=== Material supplied ===

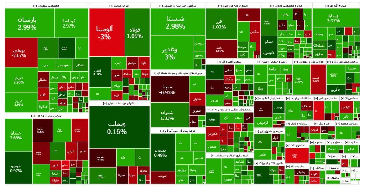 در پایان معاملات بیش از ۷۲ درصد نمادها (۵۷۱ نماد) در محدوده مثبت قرار گرفتند.
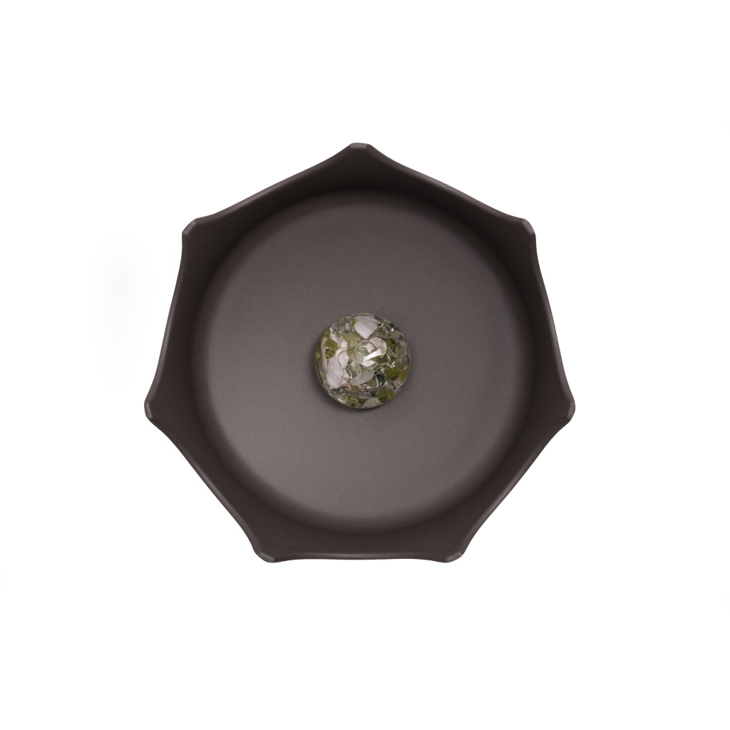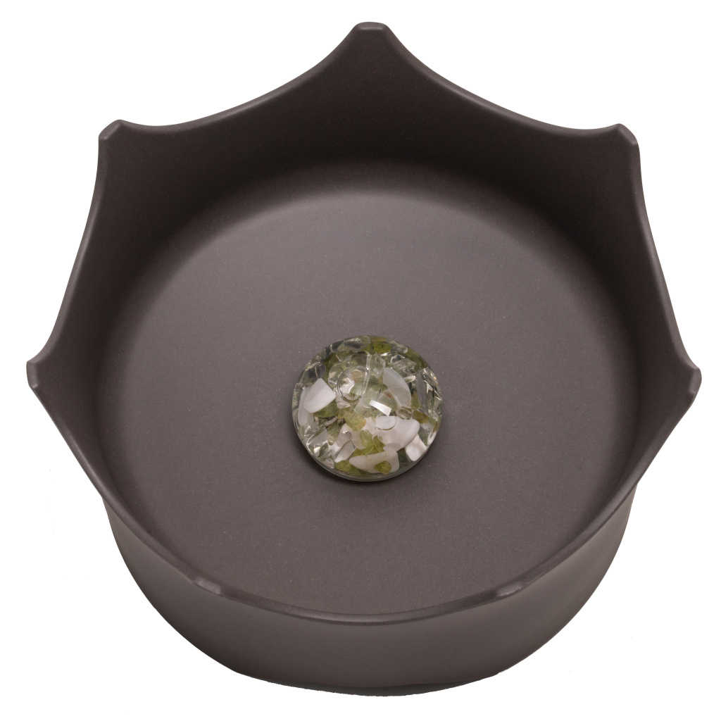 Miska CrownJuwel je robusní a pevná (70% bambus, kukuřičný škrob, dřevěná vlákna, 30% syntetická pryskyřice), na dně s uchyceným skleněným modulem s drahokamy pro zcela přírodní revitalizaci pitné vody. Je vyrobená z pevného borosilikátového skla zbaveného zatěžujících prvků.
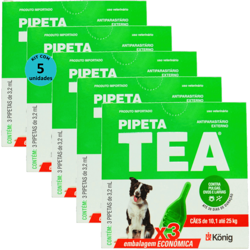Pipeta Tea 3,2ml Antiparasitário Contra Pulgas P/ Cães de 10,1 até 25 Kg C/ 3 unid. Kit C/ 5 Cxs
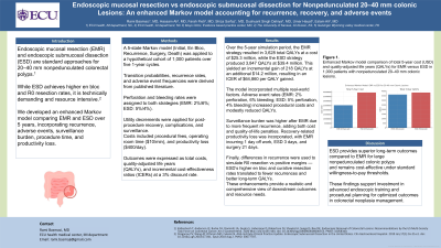 Endoscopic mucosal resection (EMR) and endoscopic submucosal dissection (ESD) are standard approaches for 20–40 mm nonpedunculated colorectal polyps. While ESD achieves higher en bloc and R0 resection rates, it is technically demanding and resource intensive. We developed an enhanced Markov model comparing EMR and ESD over 5 years, incorporating recurrence, adverse events, surveillance burden, procedure time, and productivity loss.
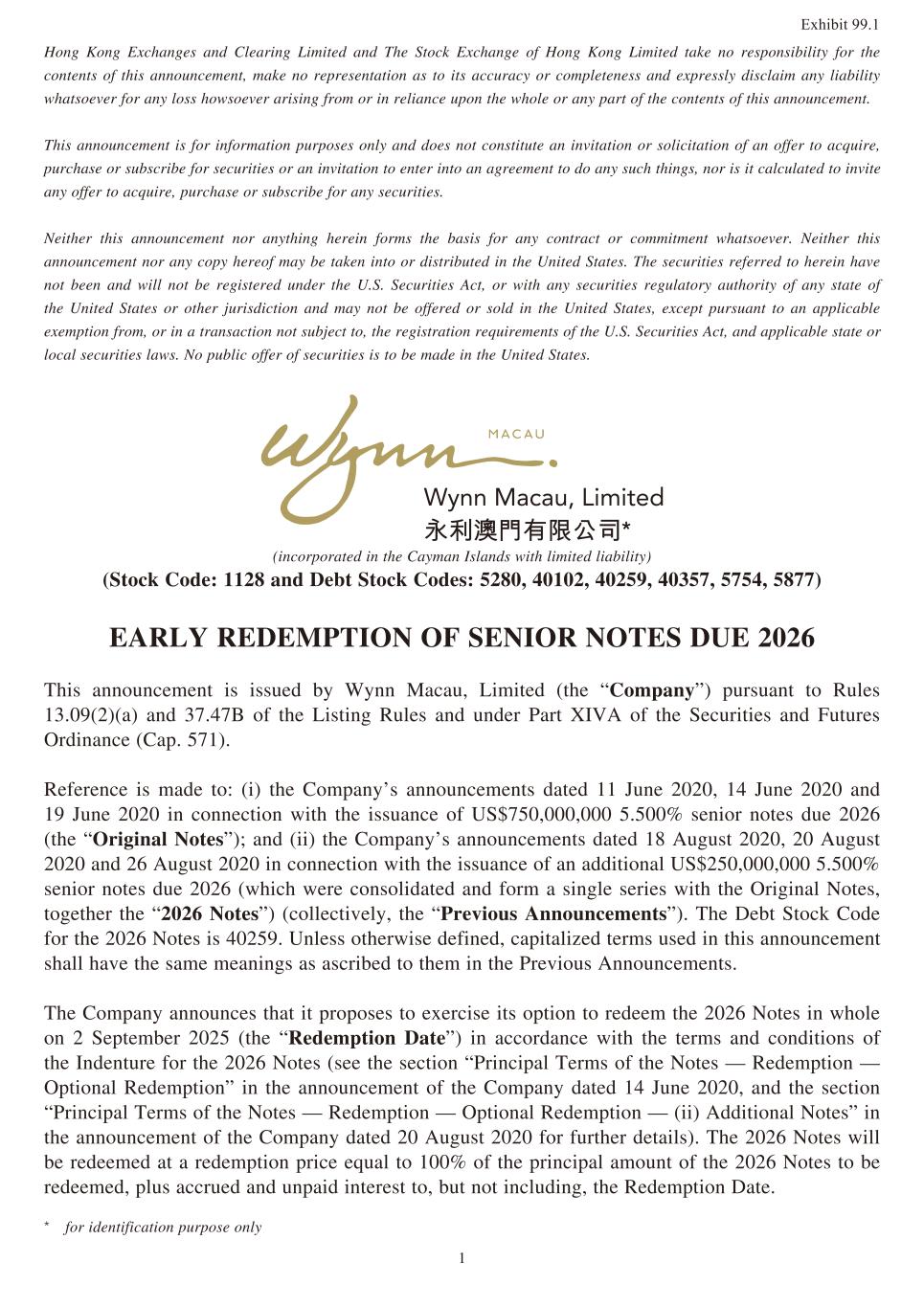 1 Hong Kong Exchanges and Clearing Limited and The Stock Exchange of Hong Kong Limited take no responsibility for the contents of this announcement, make no representation as to its accuracy or completeness and expressly disclaim any liability whatsoever for any loss howsoever arising from or in reliance upon the whole or any part of the contents of this announcement. This announcement is for information purposes only and does not constitute an invitation or solicitation of an offer to acquire, purchase or subscribe for securities or an invitation to enter into an agreement to do any such things, nor is it calculated to invite any offer to acquire, purchase or subscribe for any securities. Neither this announcement nor anything herein forms the basis for any contract or commitment whatsoever. Neither this announcement nor any copy hereof may be taken into or distributed in the United States. The securities referred to herein have not been and will not be registered under the U.S. Securities Act, or with any securities regulatory authority of any state of the United States or other jurisdiction and may not be offered or sold in the United States, except pursuant to an applicable exemption from, or in a transaction not subject to, the registration requirements of the U.S. Securities Act, and applicable state or local securities laws. No public offer of securities is to be made in the United States. (incorporated in the Cayman Islands with limited liability) (Stock Code: 1128 and Debt Stock Codes: 5280, 40102, 40259, 40357, 5754, 5877) EARLY REDEMPTION OF SENIOR NOTES DUE 2026 This announcement is issued by Wynn Macau, Limited (the “Company”) pursuant to Rules 13.09(2)(a) and 37.47B of the Listing Rules and under Part XIVA of the Securities and Futures Ordinance (Cap. 571). Reference is made to: (i) the Company’s announcements dated 11 June 2020, 14 June 2020 and 19 June 2020 in connection with the issuance of US$750,000,000 5.500% senior notes due 2026 (the “Original Notes”); and (ii) the Company’s announcements dated 18 August 2020, 20 August 2020 and 26 August 2020 in connection with the issuance of an additional US$250,000,000 5.500% senior notes due 2026 (which were consolidated and form a single series with the Original Notes, together the “2026 Notes”) (collectively, the “Previous Announcements”). The Debt Stock Code for the 2026 Notes is 40259. Unless otherwise defined, capitalized terms used in this announcement shall have the same meanings as ascribed to them in the Previous Announcements. The Company announces that it proposes to exercise its option to redeem the 2026 Notes in whole on 2 September 2025 (the “Redemption Date”) in accordance with the terms and conditions of the Indenture for the 2026 Notes (see the section “Principal Terms of the Notes — Redemption — Optional Redemption” in the announcement of the Company dated 14 June 2020, and the section “Principal Terms of the Notes — Redemption — Optional Redemption — (ii) Additional Notes” in the announcement of the Company dated 20 August 2020 for further details). The 2026 Notes will be redeemed at a redemption price equal to 100% of the principal amount of the 2026 Notes to be redeemed, plus accrued and unpaid interest to, but not including, the Redemption Date. * for identification purpose only

===

The images in the entries above should be left out; please reproduce exactly the lines from the first through the one containing "Pipeta Tea 3,2ml".

 در پایان معاملات بیش از ۷۲ درصد نمادها (۵۷۱ نماد) در محدوده مثبت قرار گرفتند.
 Miska CrownJuwel je robusní a pevná (70% bambus, kukuřičný škrob, dřevěná vlákna, 30% syntetická pryskyřice), na dně s uchyceným skleněným modulem s drahokamy pro zcela přírodní revitalizaci pitné vody. Je vyrobená z pevného borosilikátového skla zbaveného zatěžujících prvků.
Pipeta Tea 3,2ml Antiparasitário Contra Pulgas P/ Cães de 10,1 até 25 Kg C/ 3 unid. Kit C/ 5 Cxs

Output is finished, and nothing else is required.